Continuing
from the last post, Pastor Giglio asks: “So, what does that friend look like?” Being
a friend that can de-escalate conflict, not the kind of friend that escalates a
conflict. There are certain people in life that if something is on fire, they
put it in a can, put a lid on it and say, “That fire is going out really fast.”
But, there are other people that when something is on fire, they get gasoline
and pour it on the flames so that the whole town burns up. Then, they say, “Oh
my goodness, I don’t know what happened.” So, the question is: Are you an extinguisher
or are you a fanner of the flames? All this is rooted in the reality of our
being loved sons and daughters of Almighty God; that we received mercy that we
did not deserve, that we received forgiveness that we did not deserve, that we
received kindness from God that we did not deserve. God did not go tell all of
our sin business all over town, but took our sin business to the cross and crucified
it with Jesus Christ. We need to be people who de-escalate issues and
assume the best of people. You want others to say the same thing about you to
everybody about being a peacemaker. When there is a conflict with someone, go
to them and talk directly to them, because that is what de-escalators do; they
work to humbly restore. They are not interested in propagating the story; they
are trying to end the story as quickly as possible and restore the relationship
without any personal gain.
James
2:15-16 If a brother or
sister is naked and destitute of daily food, 16 and one of you says
to them, “Depart in peace, be warmed and filled,” but you do not give them the
things which are needed for the body, what does it profit?
The
third friend that we are looking for principle is: (3) we need to be friends who are “open-handed”

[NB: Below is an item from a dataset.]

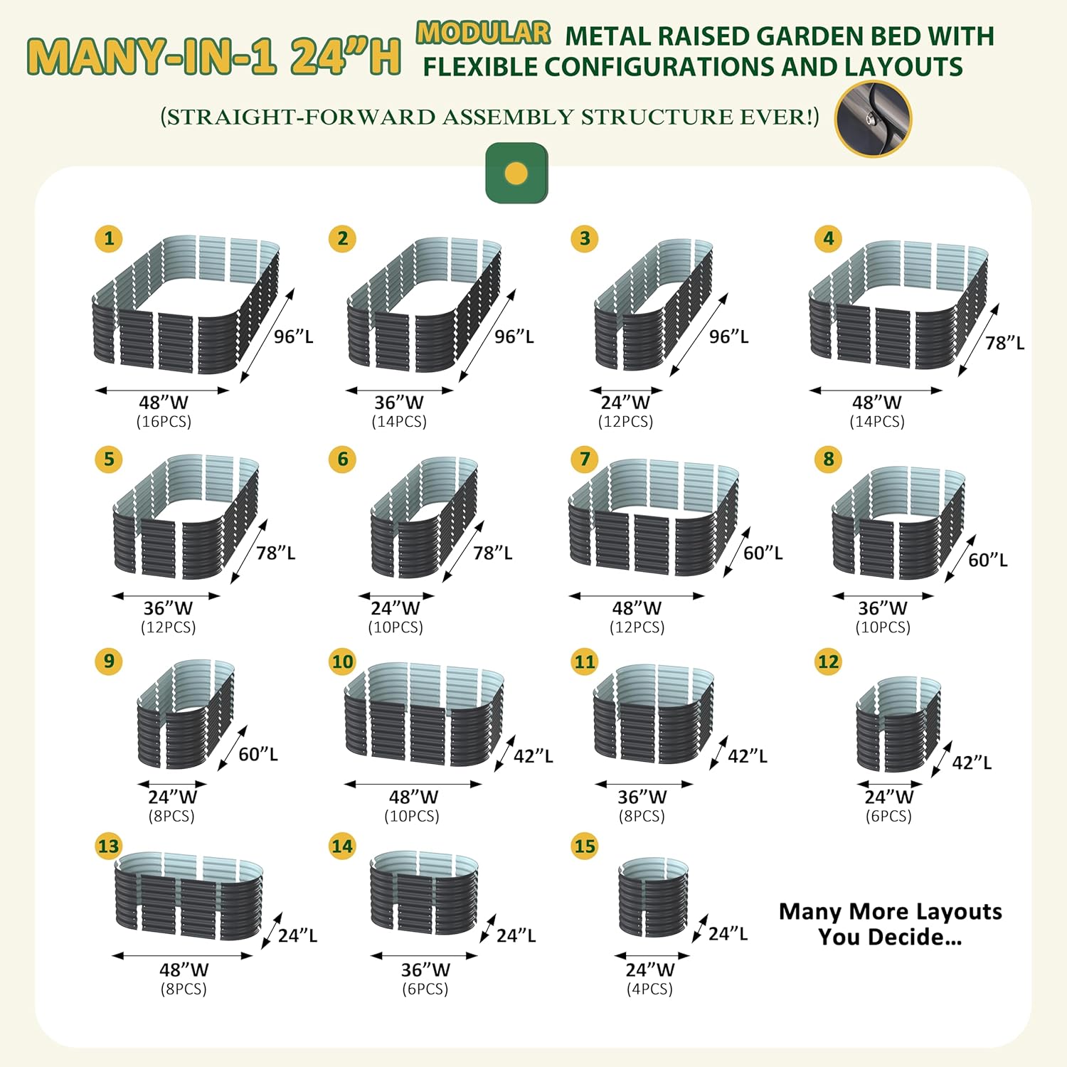 - Many-IN-1 MODULAR RAISED GARDEN BED - The fun you can get is that when you are tired of the same old raised garden bed shape and want to give your planting area a makeover, our modular raised garden bed fully support you to make your own design! Numberous shapes for you to choose the best one for what you want.

with others. In the opening Bible passage says “distributing to the needs of the saints, given to hospitality”. This
is being joyfully willing to share with what we have towards those around us in
legitimate need. Normally, in life it works like this: we hear about people
going through a hard time or rough patch and the number one Christian response
is: “oh, that is terrible! I’m going to pray for them” (which is powerful, if
they really do pray for them). The reality is: if your house burns down, you don’t
need people to pray for you; you need people to show up with food and shelter, funds,
furnishings and clothing in order to make ends meet. We want people in our
lives who move into action when tough times come. We need people who step in
and share what they have with those in need, practicing hospitality. Speak the
truth in love and deal with reality, being authentic.

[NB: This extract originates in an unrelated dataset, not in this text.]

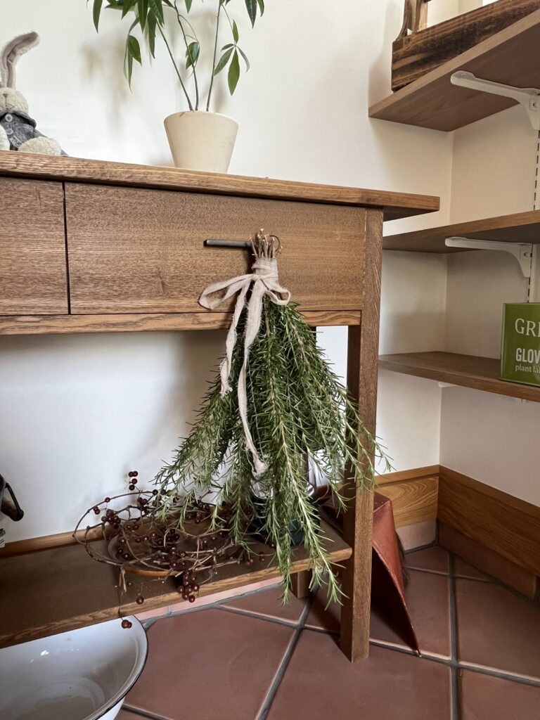 カットしたローズマリーがもったいないのでスワッグにしたい!ただ束ねるだけだけど意外とこれ時間がかかる!!

The fourth friend that we are looking for principle
is: (4) we need
to become friends who rise above the fray. In the opening Bible passage says “do not avenge yourselves, but rather give
place to wrath”. You do not need to show up to every fight that you are
invited to. We can choose to politely withdraw from the conflict. We can be
completely hindered, tripped up, distracted and diverted by an invitation by
someone else to a battle that we do not even want to be a part of. God has
given us a mission, a calling and a purpose in life, and we need to move
towards that mission with all our heart, in the best way that we can; humbling
ourselves to God without being conceited, trusting God and pushing ahead with
what God has entrusted us to do. We cannot
afford to be distracted by others. This is the way of Jesus. All the way to the
cross, Jesus was cursed by people. It was “Hosanna, blessed is he who comes in
the name of the Lord” when Jesus triumphantly entered Jerusalem, but it was “who
do you think you are the day before and the day after. But, Jesus kept trusting
Himself to the higher governing authority of Father God.
So,
there is freedom today for us to not have to feel like we have to get everybody
on even terms by “sticking it to them” the same way that you feel like they are
“sticking it” to you, because you have a father in Heaven and He is going to
give everybody what they rightfully have coming. We cannot “right” anything in
our own power … but God can. So, go after the purpose that God called you for.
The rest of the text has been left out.